**The task:** Lines from the one with "The Mount Szent György from Hegymagas" up to and including the one with "William Lilly, US" are to be copied exactly from the records below, without their pictures.

**Records shown:**

════

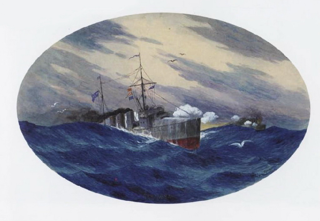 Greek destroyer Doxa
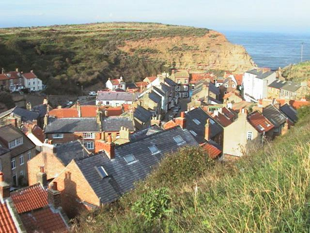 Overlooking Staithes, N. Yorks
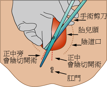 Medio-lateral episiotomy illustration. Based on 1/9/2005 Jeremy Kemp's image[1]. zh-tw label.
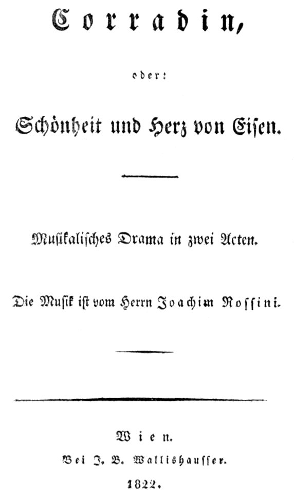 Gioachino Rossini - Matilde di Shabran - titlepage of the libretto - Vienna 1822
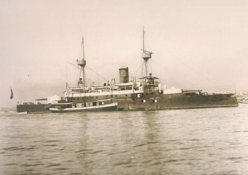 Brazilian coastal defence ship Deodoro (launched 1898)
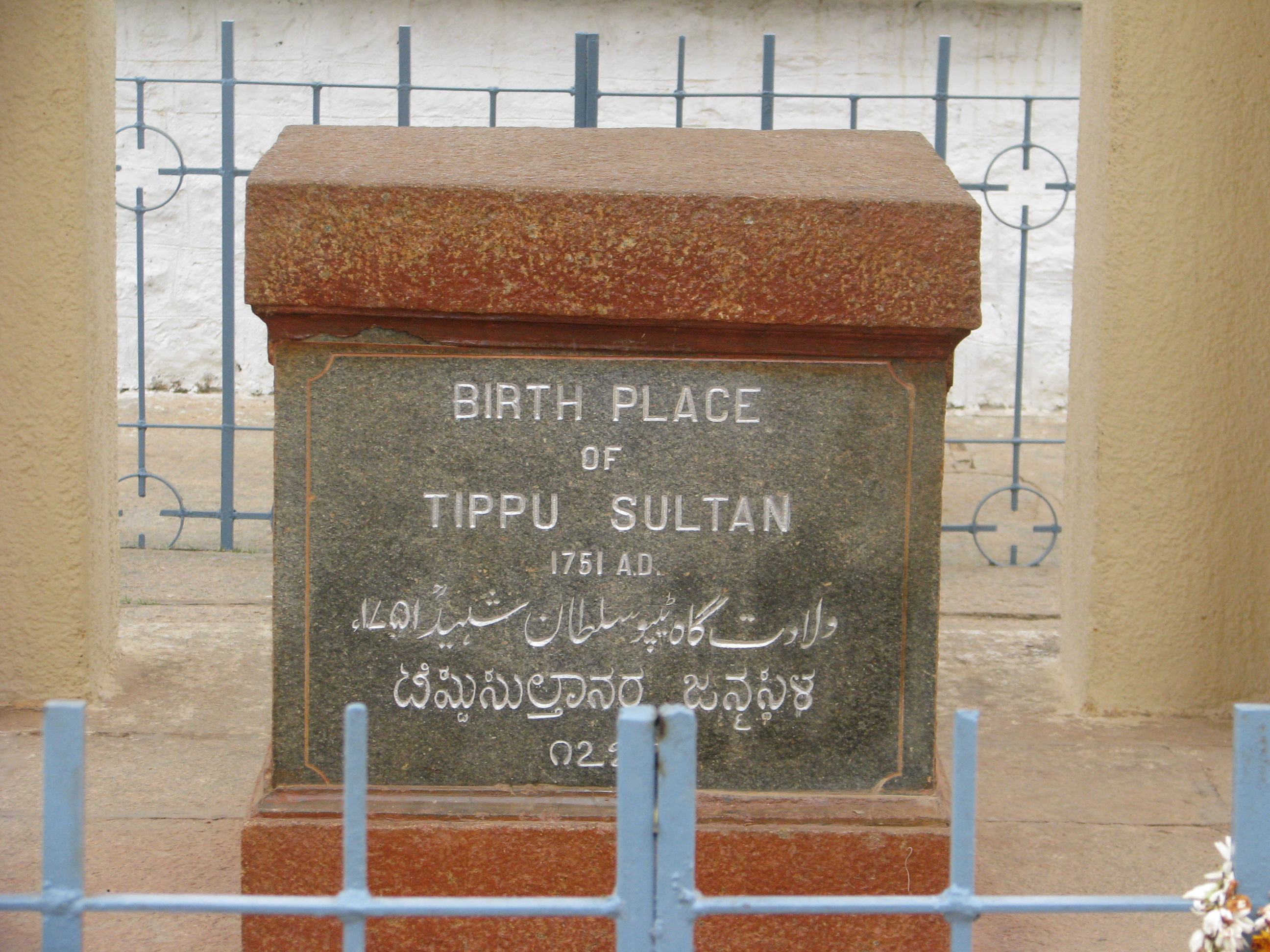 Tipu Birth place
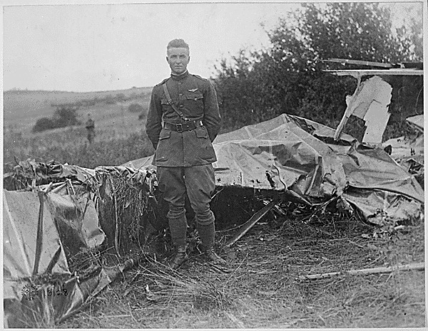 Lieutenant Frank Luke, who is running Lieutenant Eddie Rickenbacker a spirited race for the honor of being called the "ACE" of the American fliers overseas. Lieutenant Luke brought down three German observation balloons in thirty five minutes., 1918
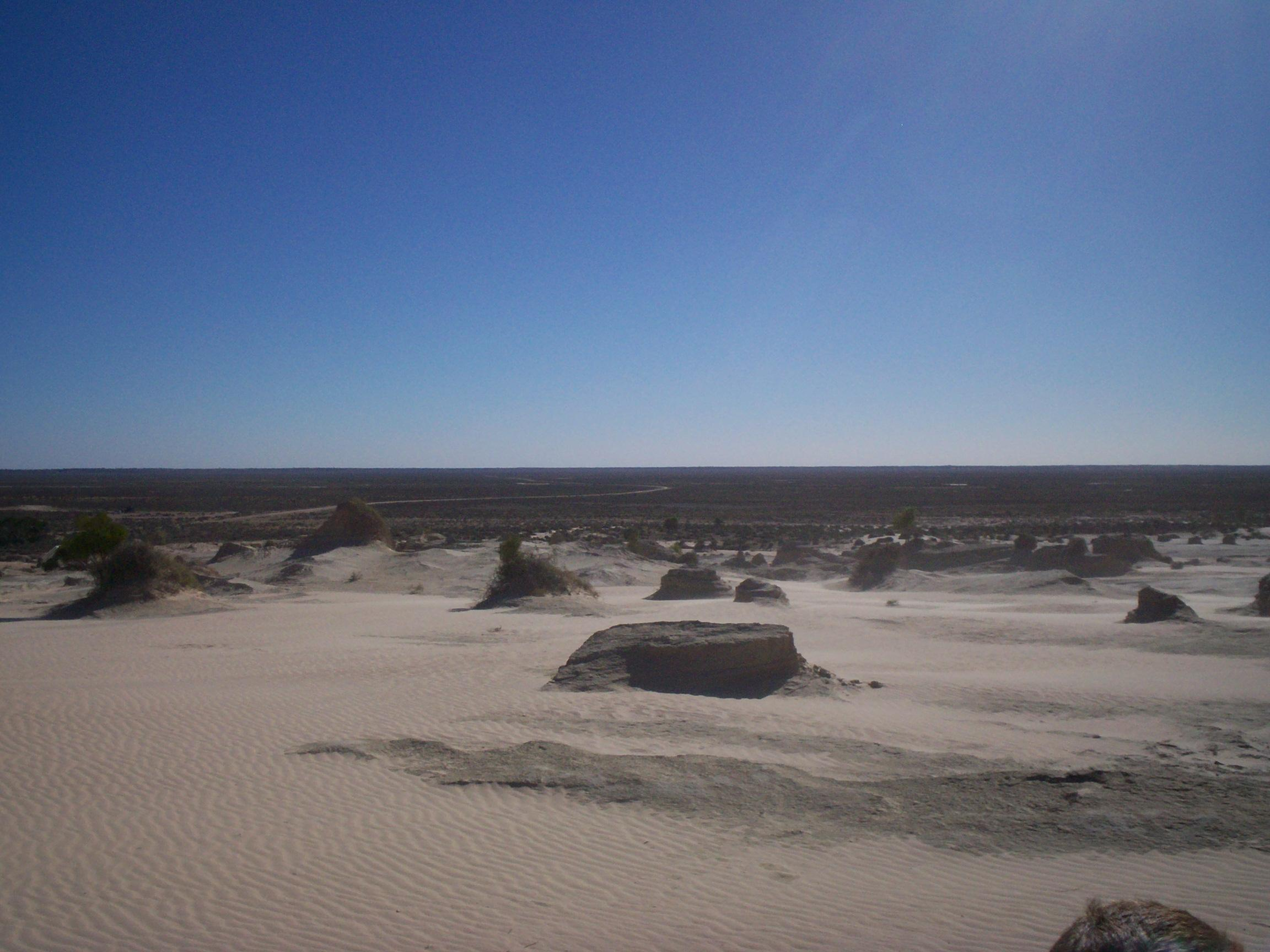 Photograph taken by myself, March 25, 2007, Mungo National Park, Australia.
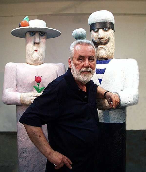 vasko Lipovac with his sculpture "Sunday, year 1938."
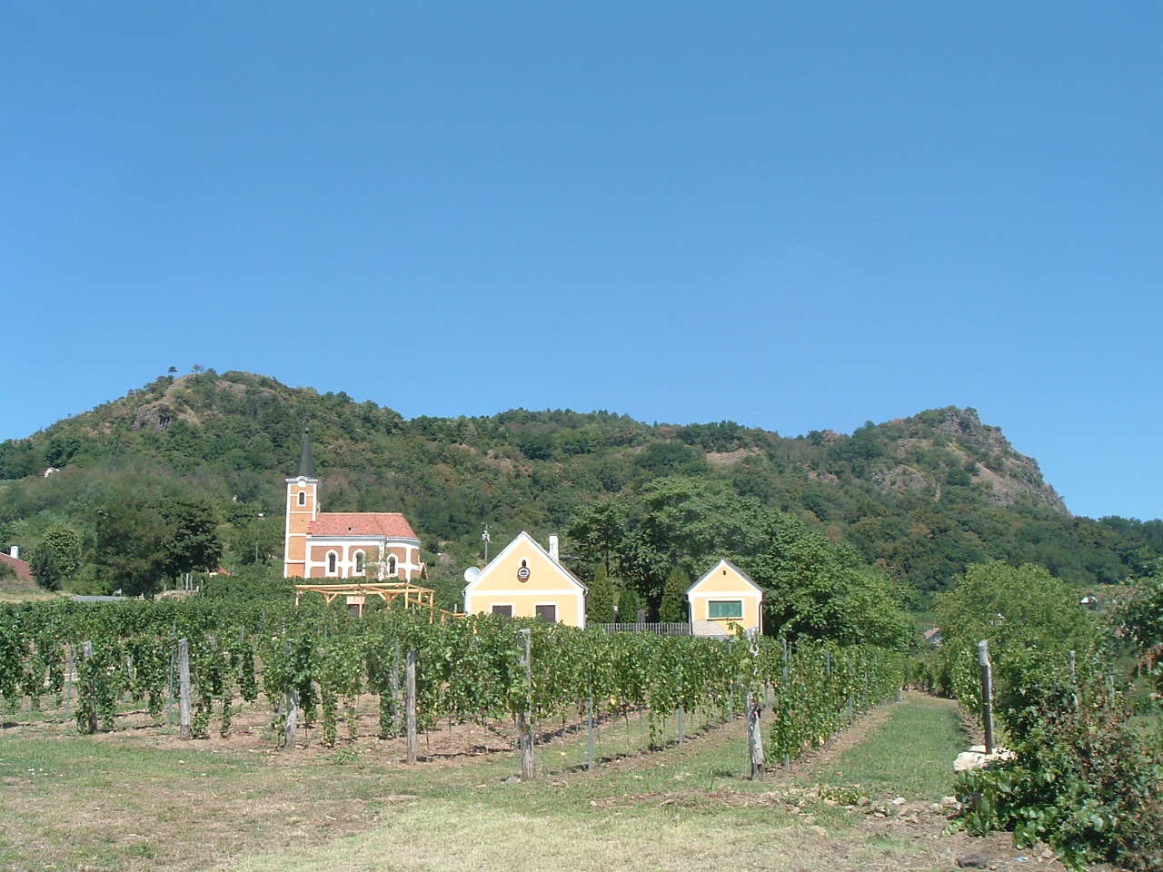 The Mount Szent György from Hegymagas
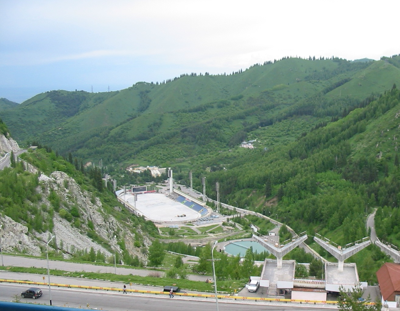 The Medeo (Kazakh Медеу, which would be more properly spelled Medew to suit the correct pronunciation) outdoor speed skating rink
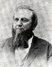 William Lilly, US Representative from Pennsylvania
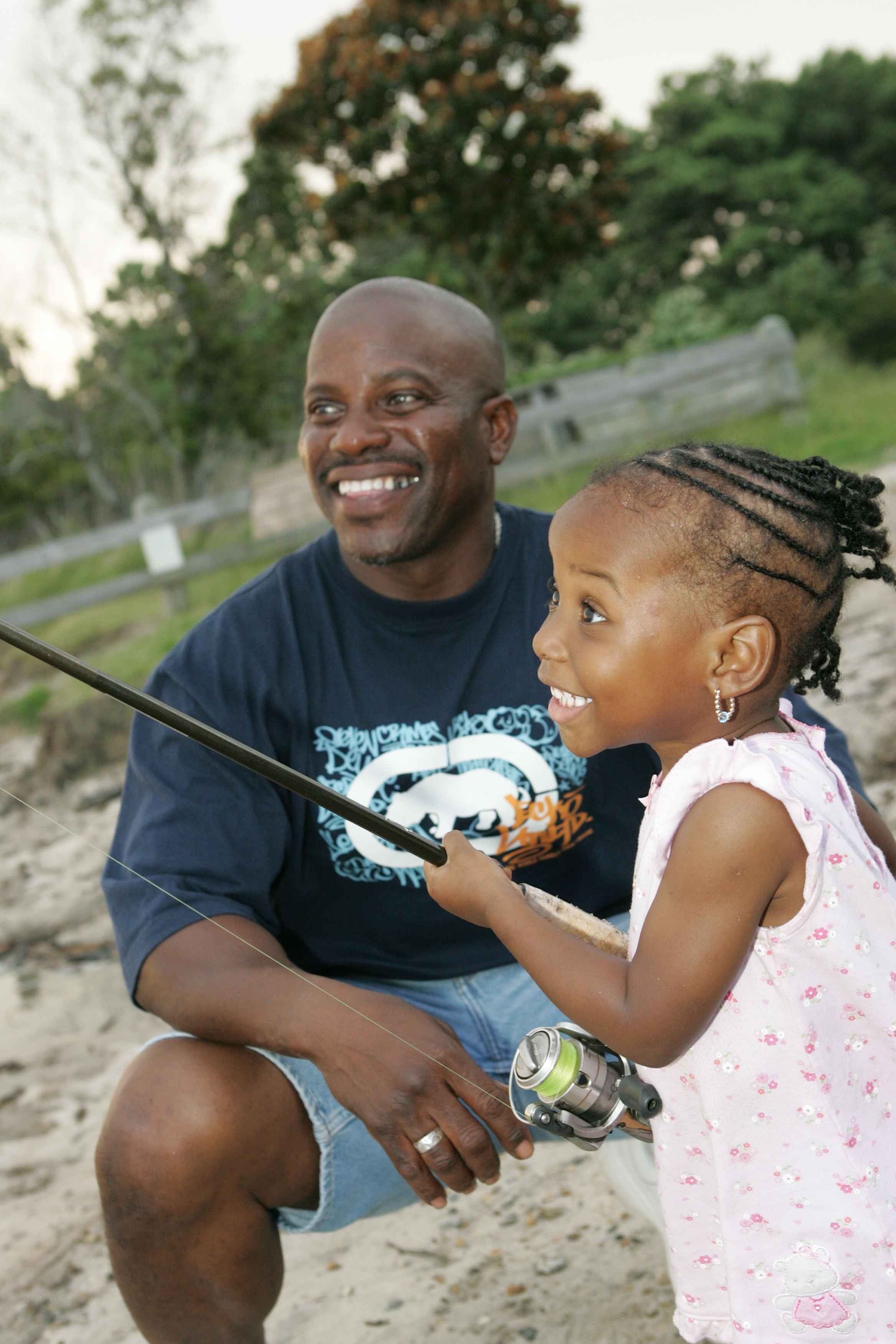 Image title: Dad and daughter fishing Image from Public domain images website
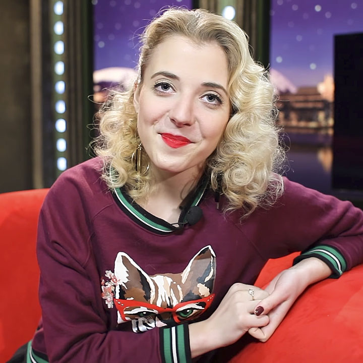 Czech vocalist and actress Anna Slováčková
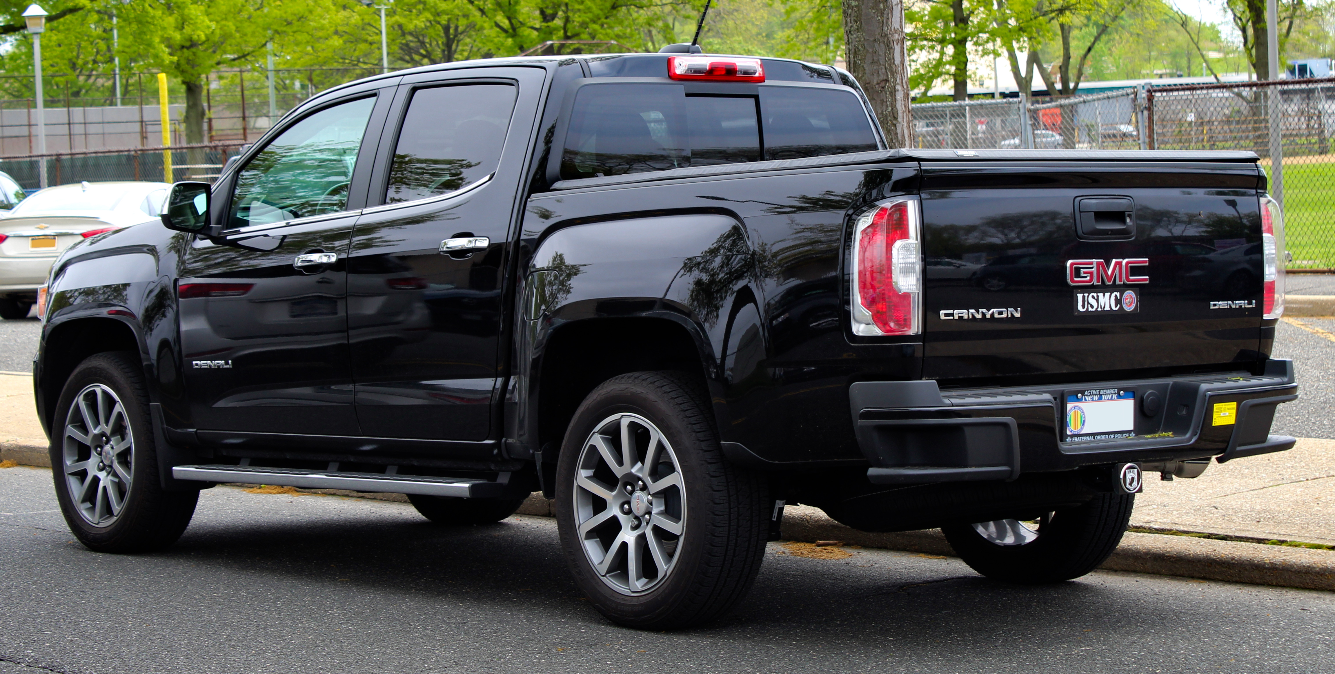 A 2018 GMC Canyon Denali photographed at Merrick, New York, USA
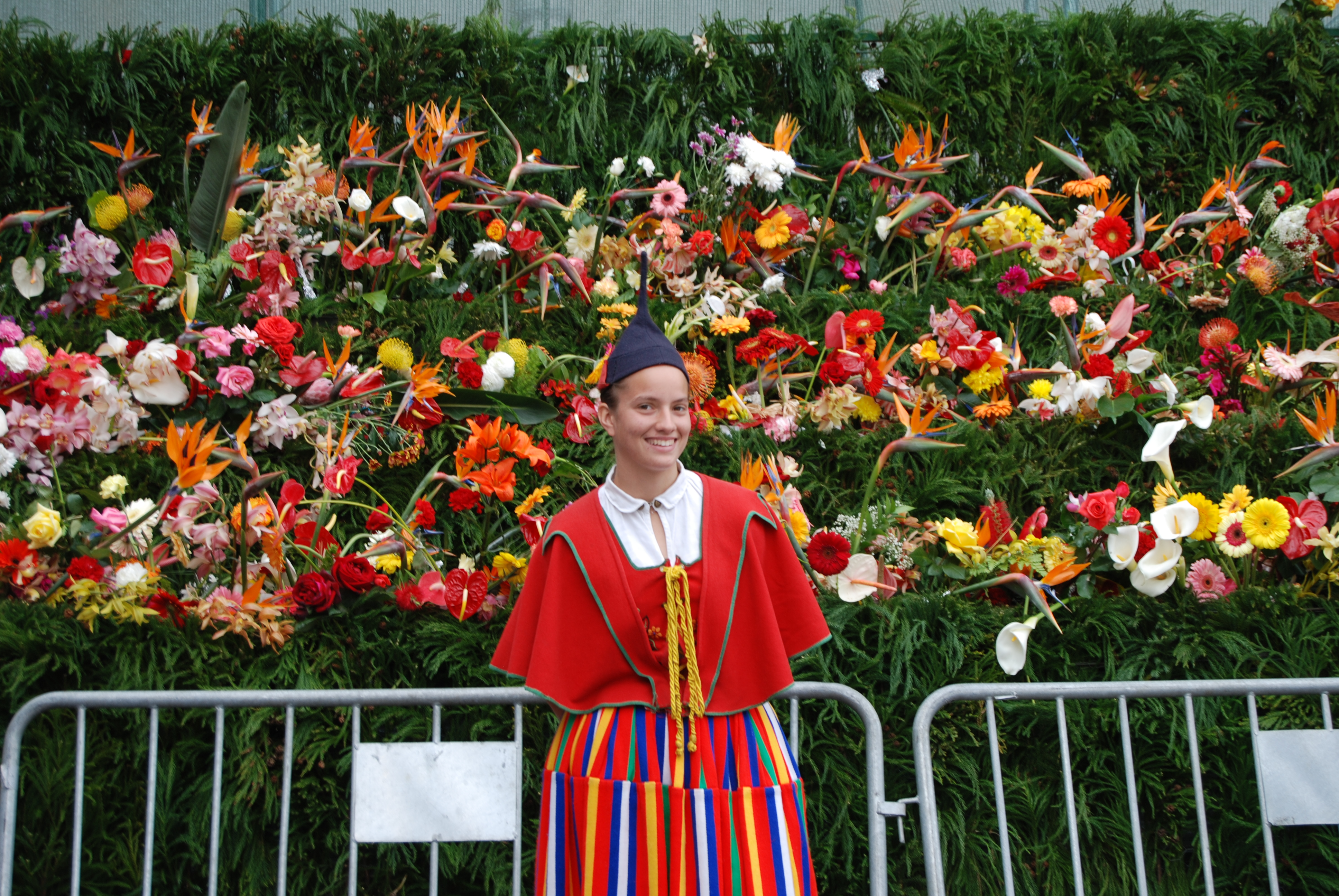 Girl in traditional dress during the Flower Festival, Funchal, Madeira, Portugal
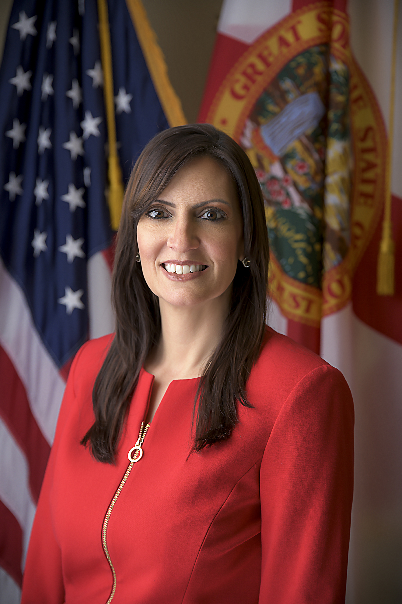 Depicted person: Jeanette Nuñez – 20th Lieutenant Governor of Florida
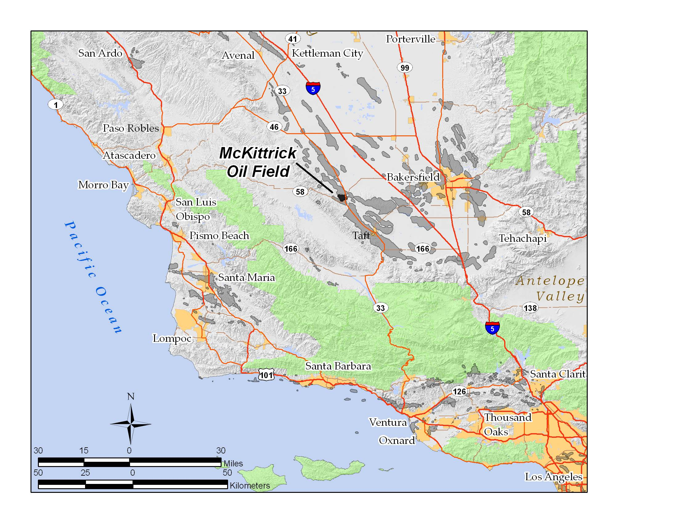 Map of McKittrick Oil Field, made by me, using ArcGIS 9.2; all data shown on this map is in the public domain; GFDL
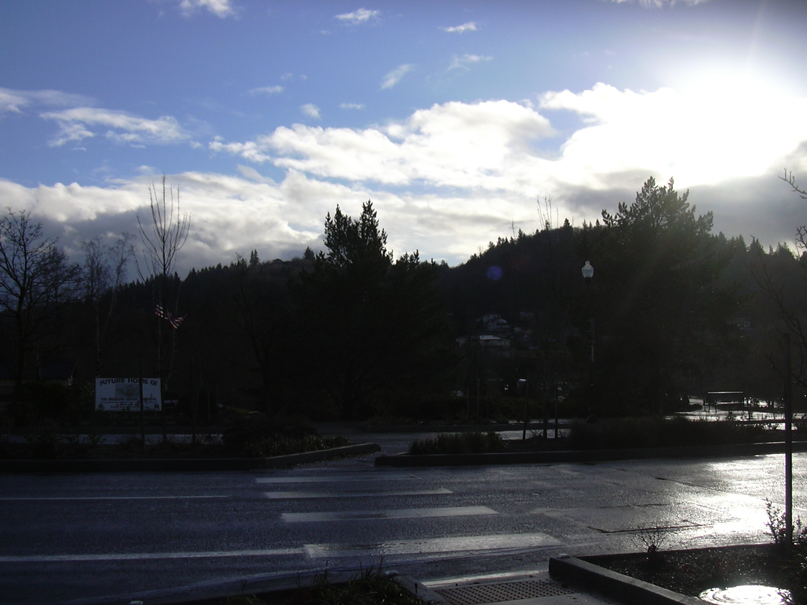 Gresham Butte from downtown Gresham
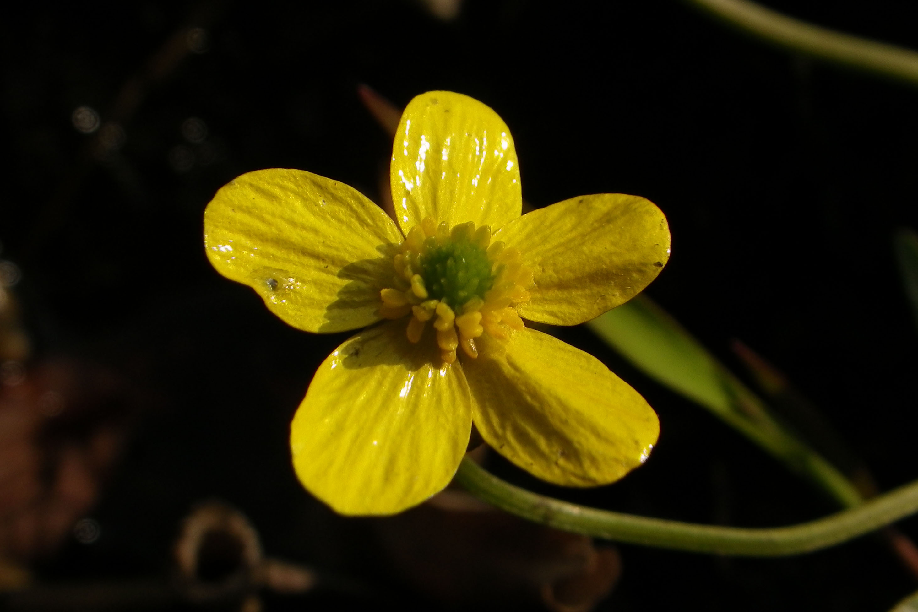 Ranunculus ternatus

════

**Task result:**
 The Mount Szent György from Hegymagas
 The Medeo (Kazakh Медеу, which would be more properly spelled Medew to suit the correct pronunciation) outdoor speed skating rink
 William Lilly, US Representative from Pennsylvania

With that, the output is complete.